Your objective — Everything from the line that contains "先生 クローバー デンタルさん" to the final line of the data, both ends included, must be set down exactly, apart from the pictures.

Dataset entries —

───

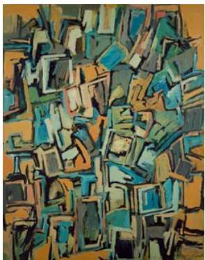
⑦《Work B.125》1956年 油彩・キャンバス 宇 都宮美術館蔵
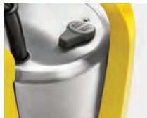
Rápido ajuste entre modo manual o automático
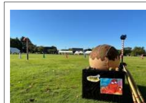
ジャンボたこ焼き 運べるかな?
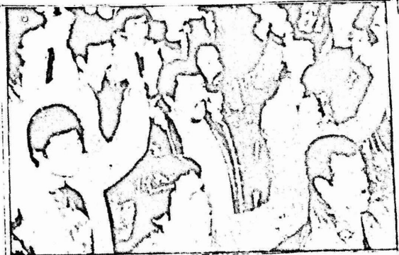
لم يعد العمال الشيليين يخافون شيئا وتعلموا استخدام كافة اشكال التضال للتعبير عن مطالبهم ، كما يتبين من هذه الصورة التي التقطت اثناء اضراب نظمته عمال مناجم النحاس في التينيتي

تحالف قوى اليسار : الحركة الديمقراطية الشعبية . ومن معالم انعزال الديكتاتورية بشكل متزايد ان اصحاب سيارات النقل الذين ساهموا في زعزعة حكومة الوحدة الشعبية برئاسة سلفادور آلندي قاموا باضرابات ونظمو احتجاجات عند الديكتاتورية التي تدفعهم سياستها الى الافلاس . ويواجه صغار التجار ومتوسطيهم ايضا اوضاعا مشابهة ويدفعهم وضعهم المتردى الى الانضمام باعداد متزايدة الى الحركة الشعبية . المطالبة باجراء تغييرات عميقة .
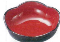
10-537-3 M-8-36 M(大)梅小鉢 黒内朱天黒 ¥900 (11.2φ×3.5) 櫃200
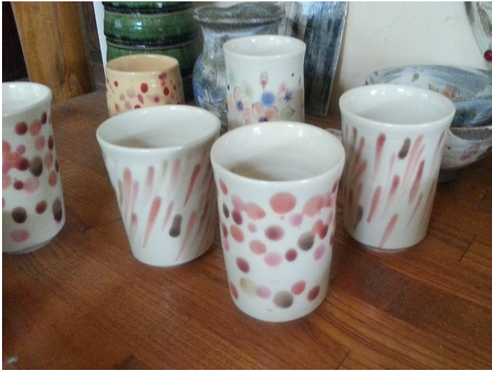
手びねり・ろくろコース作品
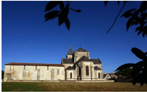
Abbaye de Nieul sur l'Autise

Après le déjeuner nous commencerons nos visites par l'Abbaye de Nieul sur l'Autise
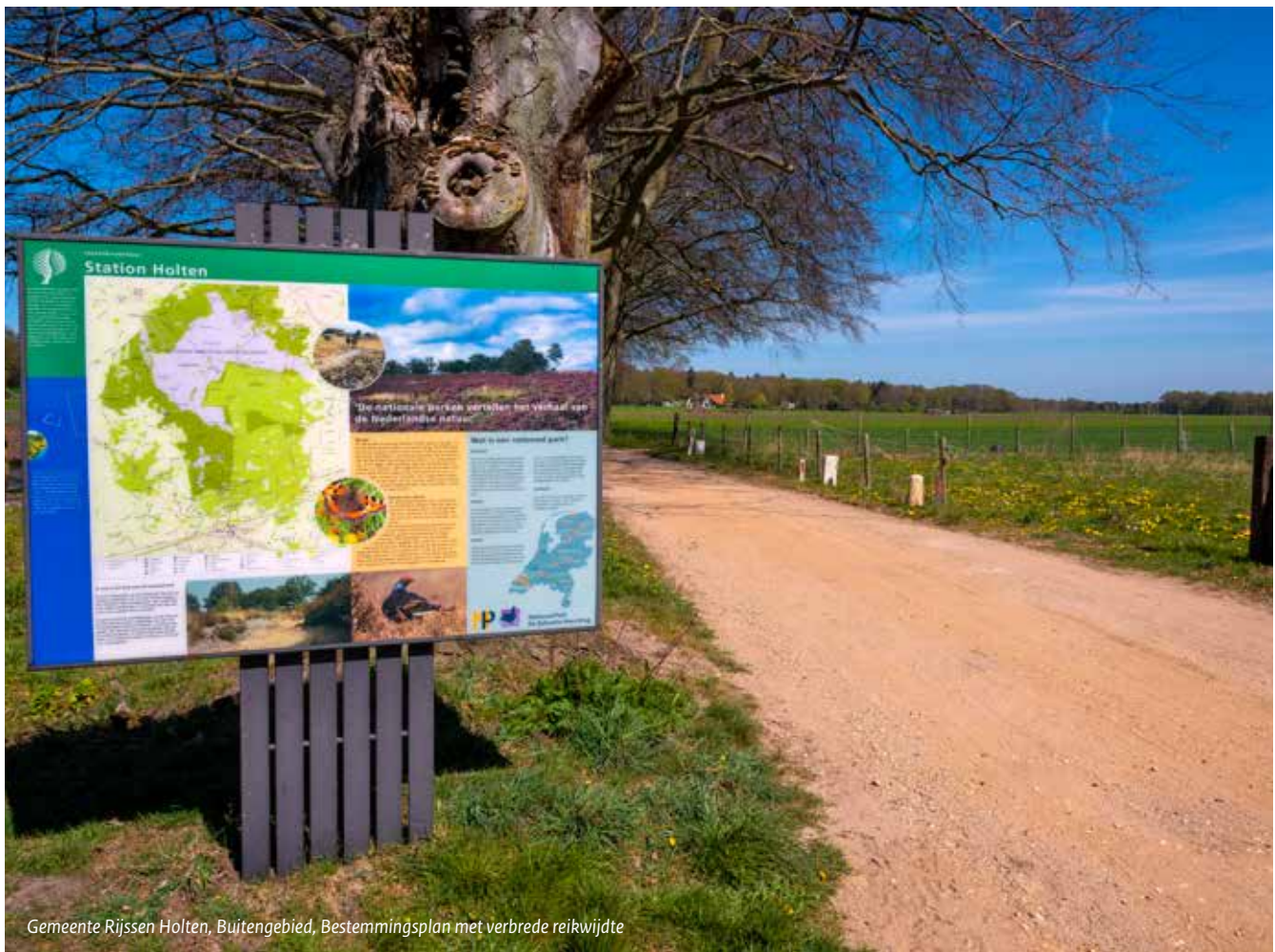
Gemeente Rijssen Holten, Buitengebied, Bestemmingsplan met verbrede reikwijdte

Toch borrelen ook op het digitale vlak nog veel ideeën op. Wat zou het mooi zijn om de werkelijkheid met een drie dimensionale weergave nog beter te benaderen (een wens die vooral speelt bij het nog op te stellen omgevingsplan Kernen) of om de milieuregels in de vorm van zoneringen op kaart te zetten. Het is ideaal als iedereen met een eenvoudige ‘klik’ op de kaart kan zien wat op die locatie wel of niet mogelijk is en aan welke randvoorwaarden moet worden voldaan. Of helemaal klantvriendelijk: een eigen plan inlezen en dan een eerste toets terugkrijgen of dat plan mogelijk is.
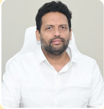
రాష్ట్ర మంత్రి టీజీ భరత్

● ప్రజల సమస్యలు తెలుసుకునేందుకు కొత్త కార్యక్రమం చేపట్టనున్న రాష్ట్ర మంత్రి టీజీ భరత్
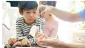
先生 クローバー デンタルさん
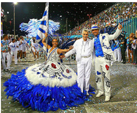
Carnaval de Río de Janeiro
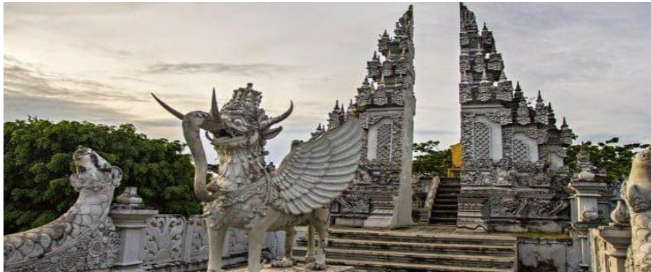
Gambar 2.1 Kerajaan kutai

terletak di hulu Sungai Mahakam, Muara Kaman (kini termasuk wilayah Kabupaten Kutai Kartanegara). Beberapa raja yang pernah bertakhta di Kutai antara lain Kudungga, Aswawarman, dan Mulawarman. Salah satu peninggalan Kerajaan Kutai adalah Prasasti Tugu Batu yang di dalamnya terdapat huruf Pallawan .
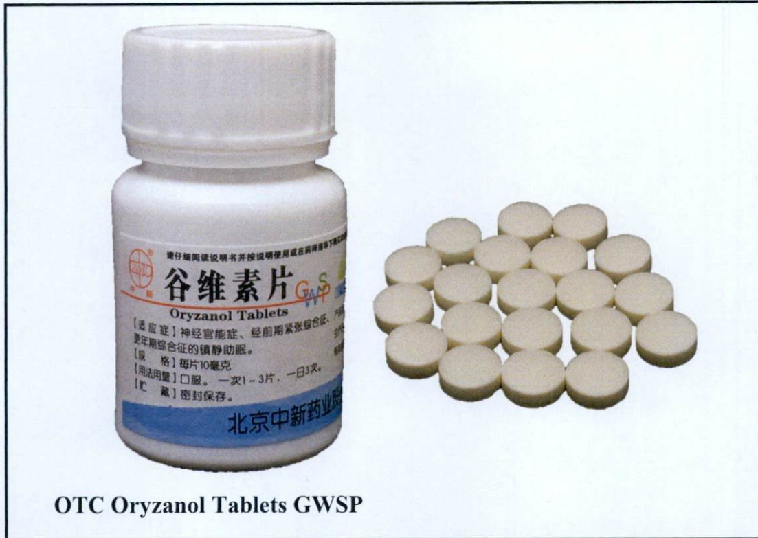
Larawan 4. Hindi rehistradong gamot
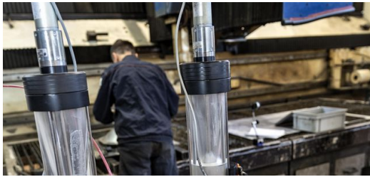
Zusammen mit einem Pulverförderer eignet sich die Lasercell 1005 von TRUMPF auch hervorragend fürs Laserauftragschweißen.

„LMD ist ja genau genommen nichts Neues – für die Reparatur und Beschichtungen wird das Verfahren schon seit vielen Jahren eingesetzt. Wir haben uns aber entschieden, das Verfahren dazu zu benutzen, komplette Bauteile herzustellen. Wie bei diesem Laufrad hier.“

───

Answer space —
先生 クローバー デンタルさん
Carnaval de Río de Janeiro
Gambar 2.1 Kerajaan kutai

terletak di hulu Sungai Mahakam, Muara Kaman (kini termasuk wilayah Kabupaten Kutai Kartanegara). Beberapa raja yang pernah bertakhta di Kutai antara lain Kudungga, Aswawarman, dan Mulawarman. Salah satu peninggalan Kerajaan Kutai adalah Prasasti Tugu Batu yang di dalamnya terdapat huruf Pallawan .
Larawan 4. Hindi rehistradong gamot
Zusammen mit einem Pulverförderer eignet sich die Lasercell 1005 von TRUMPF auch hervorragend fürs Laserauftragschweißen.

„LMD ist ja genau genommen nichts Neues – für die Reparatur und Beschichtungen wird das Verfahren schon seit vielen Jahren eingesetzt. Wir haben uns aber entschieden, das Verfahren dazu zu benutzen, komplette Bauteile herzustellen. Wie bei diesem Laufrad hier.“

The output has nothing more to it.